*** Entries shown ***
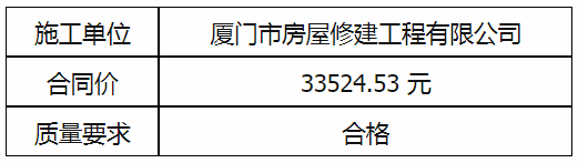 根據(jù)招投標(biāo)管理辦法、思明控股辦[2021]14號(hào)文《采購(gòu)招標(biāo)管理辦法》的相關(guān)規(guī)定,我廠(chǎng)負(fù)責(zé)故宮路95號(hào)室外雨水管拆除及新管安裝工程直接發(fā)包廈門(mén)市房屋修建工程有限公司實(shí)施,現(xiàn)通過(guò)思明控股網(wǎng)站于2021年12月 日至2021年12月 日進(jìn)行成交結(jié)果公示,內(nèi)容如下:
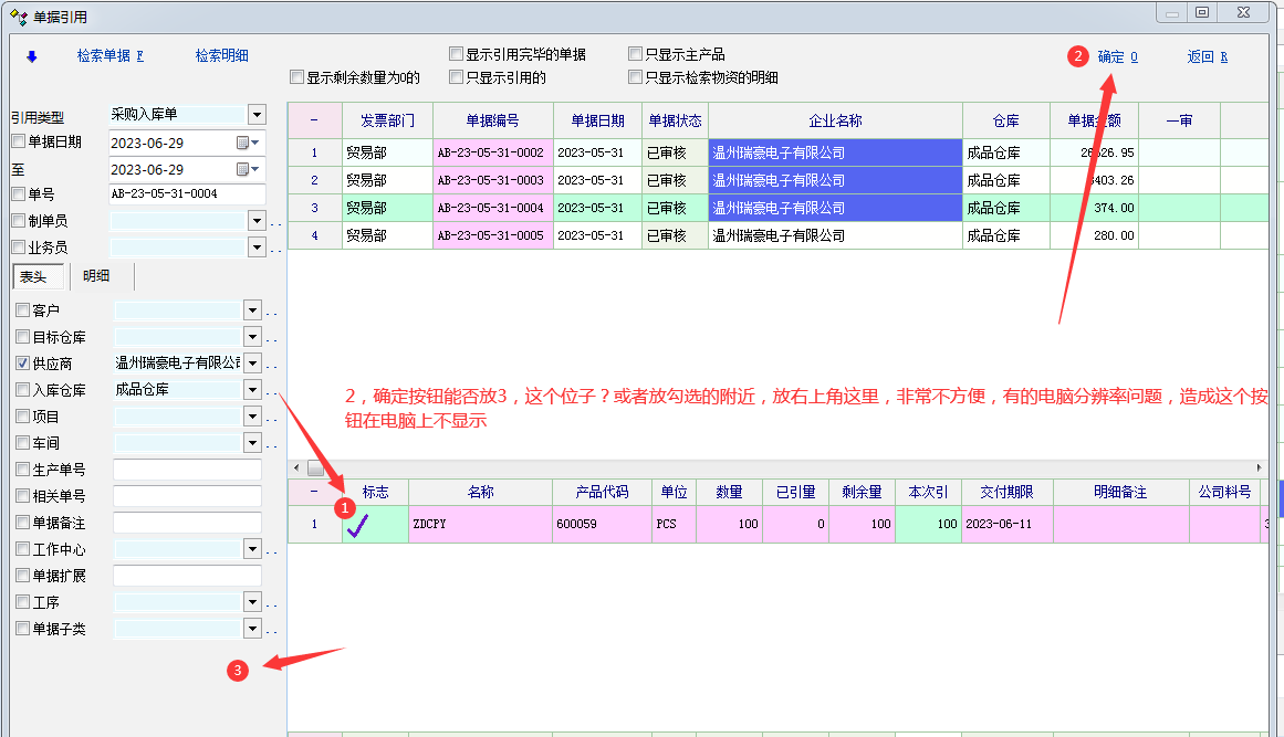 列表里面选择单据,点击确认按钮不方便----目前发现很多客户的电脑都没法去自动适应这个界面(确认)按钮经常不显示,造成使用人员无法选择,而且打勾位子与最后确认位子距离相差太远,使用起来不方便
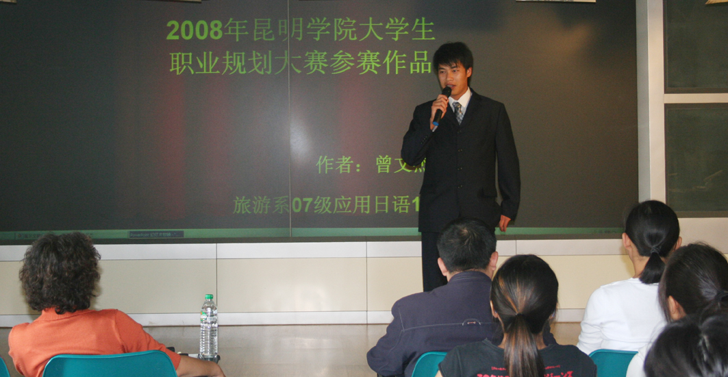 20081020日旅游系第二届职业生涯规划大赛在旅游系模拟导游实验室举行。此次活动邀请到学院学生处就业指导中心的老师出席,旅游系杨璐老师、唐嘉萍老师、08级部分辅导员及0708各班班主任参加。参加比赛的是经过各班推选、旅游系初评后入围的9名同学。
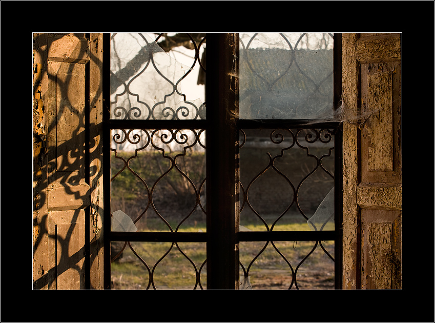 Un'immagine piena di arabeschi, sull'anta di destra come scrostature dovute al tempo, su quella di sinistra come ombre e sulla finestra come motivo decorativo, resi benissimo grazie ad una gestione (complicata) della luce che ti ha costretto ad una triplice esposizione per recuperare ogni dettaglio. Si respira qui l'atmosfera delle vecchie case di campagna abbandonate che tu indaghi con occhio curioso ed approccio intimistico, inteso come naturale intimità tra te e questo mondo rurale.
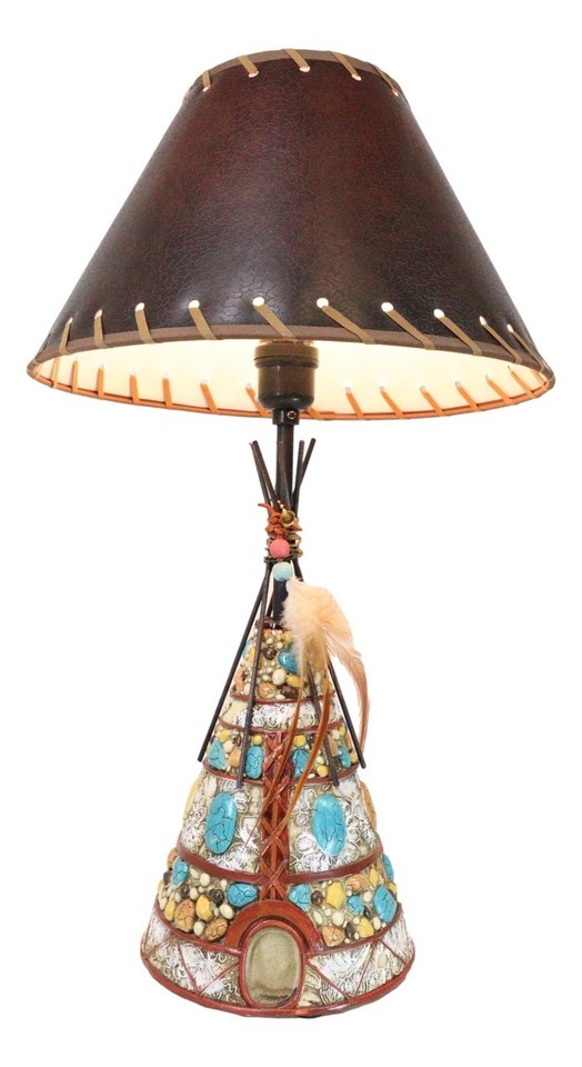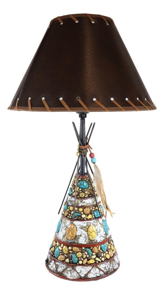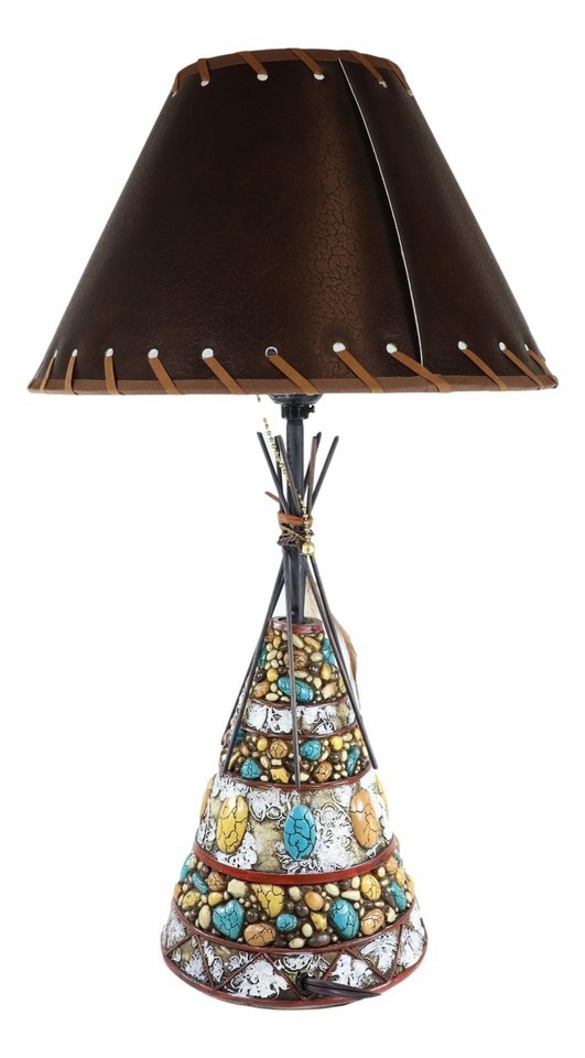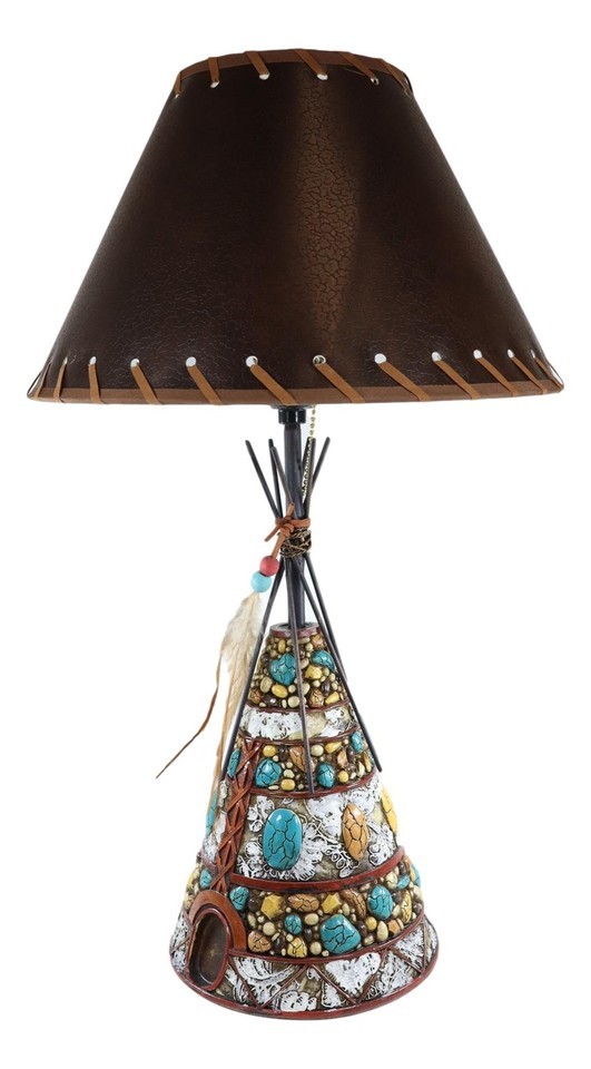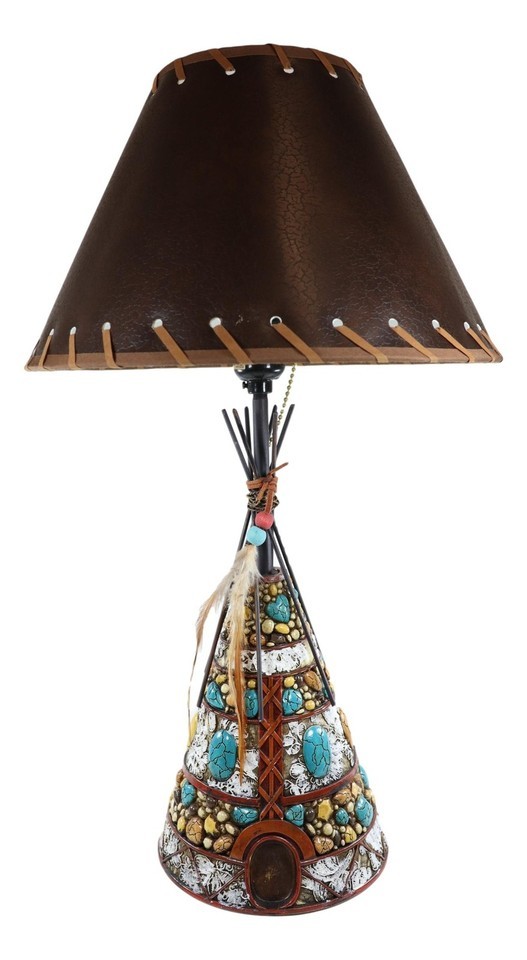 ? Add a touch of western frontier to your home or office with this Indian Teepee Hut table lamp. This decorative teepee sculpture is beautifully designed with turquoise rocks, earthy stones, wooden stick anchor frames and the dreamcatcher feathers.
*** End of Entries shown ***
▶ **What needs to be done**
Your answer should be the lines from the opening of the records through the line with "20081020日旅游系第二", both ends retyped exactly and pictures left out.

▶ **Result**
 根據(jù)招投標(biāo)管理辦法、思明控股辦[2021]14號(hào)文《采購(gòu)招標(biāo)管理辦法》的相關(guān)規(guī)定,我廠(chǎng)負(fù)責(zé)故宮路95號(hào)室外雨水管拆除及新管安裝工程直接發(fā)包廈門(mén)市房屋修建工程有限公司實(shí)施,現(xiàn)通過(guò)思明控股網(wǎng)站于2021年12月 日至2021年12月 日進(jìn)行成交結(jié)果公示,內(nèi)容如下:
 列表里面选择单据,点击确认按钮不方便----目前发现很多客户的电脑都没法去自动适应这个界面(确认)按钮经常不显示,造成使用人员无法选择,而且打勾位子与最后确认位子距离相差太远,使用起来不方便
 20081020日旅游系第二届职业生涯规划大赛在旅游系模拟导游实验室举行。此次活动邀请到学院学生处就业指导中心的老师出席,旅游系杨璐老师、唐嘉萍老师、08级部分辅导员及0708各班班主任参加。参加比赛的是经过各班推选、旅游系初评后入围的9名同学。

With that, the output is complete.